Remember that any self-help aid must be repaid through money or labor. For more information about Subsidized and Unsubsidized Stafford loans, PLUS loans, and private student loans visit the Student Loan section of this site.

Comparing Financial Aid Award Packages
Once you receive financial aid award notifications from the schools to which you have applied, it's time to compare the financial aid packages offered by each school. In order to make comparisons, you should follow these guidelines:

  • Compare like terms. Make sure that the cost of attendance is the same for each school before comparing. Some schools may not include transportation or personal costs in their estimated cost of attendance.
  • Compare ratio of gift aid to self-help aid. Generally, packages with a higher proportion of gift aid are more appealing because students may have less debt when they graduate. However, more gift aid may mean a larger family contribution at some colleges.
  • Compare the terms of any loans included. Will the payments be affordable? Student loans with low interest rates and no repayment until after college may be more affordable than private loans or other consumer loans.
  • Compare the effect of scholarships on other aid. If you are applying for or will qualify for outside scholarships, you should determine if it is possible for a scholarship to reduce your financial aid package.
  • Check on future packages. What part of the financial aid award is renewable from year to year? Are there requirements for maintaining the awards?

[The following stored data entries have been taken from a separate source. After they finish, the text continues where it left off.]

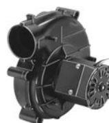
FIG. N A137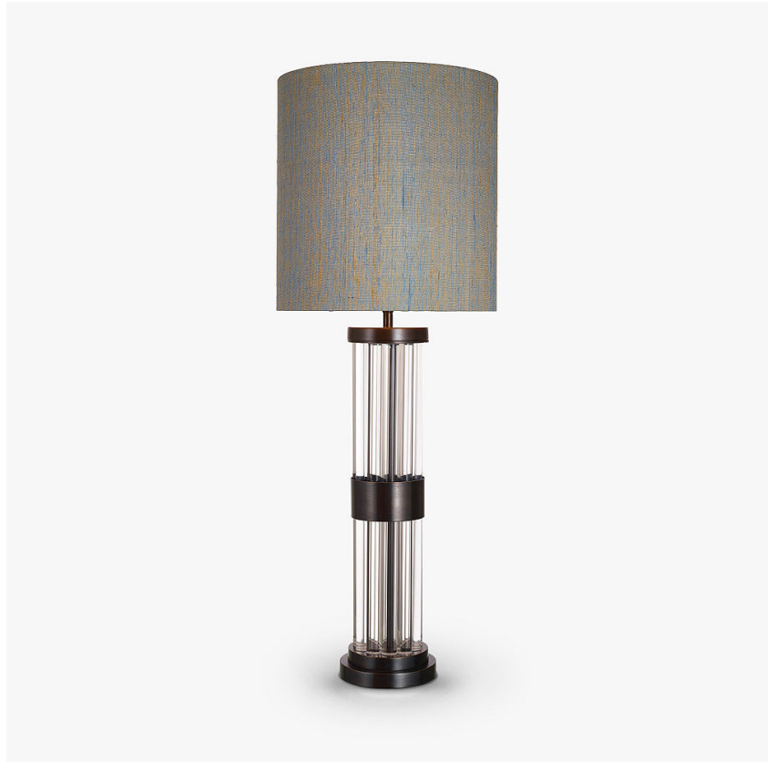
TL121 in Clear and Bronze with an 11" Tall Drum in Cochin 8018W-90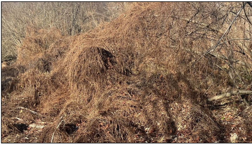
Before: Invasive olive and Callery pear smothered in invasive vines

The Monmouth County Park System is working to remove invasive species in Big Brook Park. This area was heavily infested with detrimental invasive species called autumn olive ( Elaeagnus umbellata ) and Callery pear ( Pyrus calleryana ). Big Brook Park has been identified as a regionally critical area for grassland birds. To preserve this integral habitat and the food sources our sensitive native wildlife requires, stewardship is necessary to restore healthy habitat conditions. Selective land clearing took place on a 7.5-acre portion of Big Brook Park in early 2024. Native grasses were seeded into the cleared areas and herbicide applications were selectively applied to control any regrowth of the invasives. This process will be repeated over many years.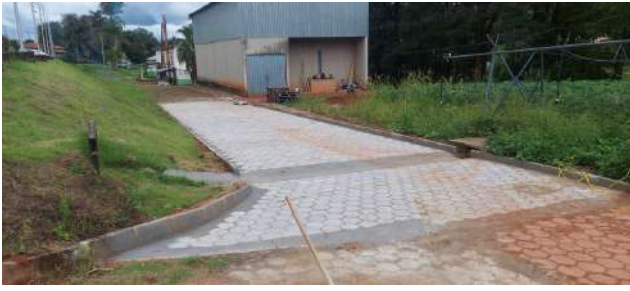
Figure 41: Machado Campus access to the roasting sector.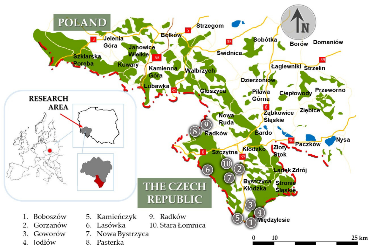
Figure 1. Location of sites selected for detailed analysis.

Ten sites located in Kłodzko Land were selected for detailed analyses. Nine of them are located within Kłodzko County and one within Kamienna Góra County. During field research, attention was paid to the location of sites and their role in the landscape. An inventory of the most historically significant architectural elements affecting attractiveness was also made. The information collected in the field was supplemented by desk research, during which the focus was on the analysis of data related to the history of the origin of sites (cemeteries and churches), tracing changes in the formation of the architectural style of churches, as well as identifying the special features of sites affecting the richness and diversity of sites. A detailed summary of the collected data is provided in the tables (Figure 1 and Table 2).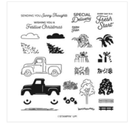
Trucking Along Photopolymer Stamp Set (English) - 162299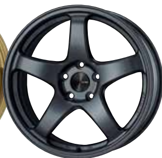
Matte Gunmetal (Special Order)

Although very important, the amount of financial aid you receive isn't the only factor you should consider in choosing a college. Neither the school that offers you the most financial aid nor the most popular school among your friends is guaranteed to provide the right fit for your personal and academic goals, so try to keep an open mind when weighing your options. There may be several schools on your list of choices that balance academic, personal, and financial needs.

After Receiving the Financial Aid Award Notification
After reading the financial aid award notification, you may realize that the awards listed are not enough to cover all expenses. However, there are other loan options that may not be shown on the notice. Your parents may be eligible for the Federal PLUS Program or you could consider getting a private student loan.

After receiving the financial aid award notification, you must let the school know whether or not you are accepting or declining the awards. Not everything that is offered has to be accepted. Declining an award will neither help nor hurt the award. Pay close attention to deadlines for accepting the award package. Deadlines are usually within two weeks after receiving the award notification. If a deadline is missed, you may risk losing a scholarship, grant, or loan assistance.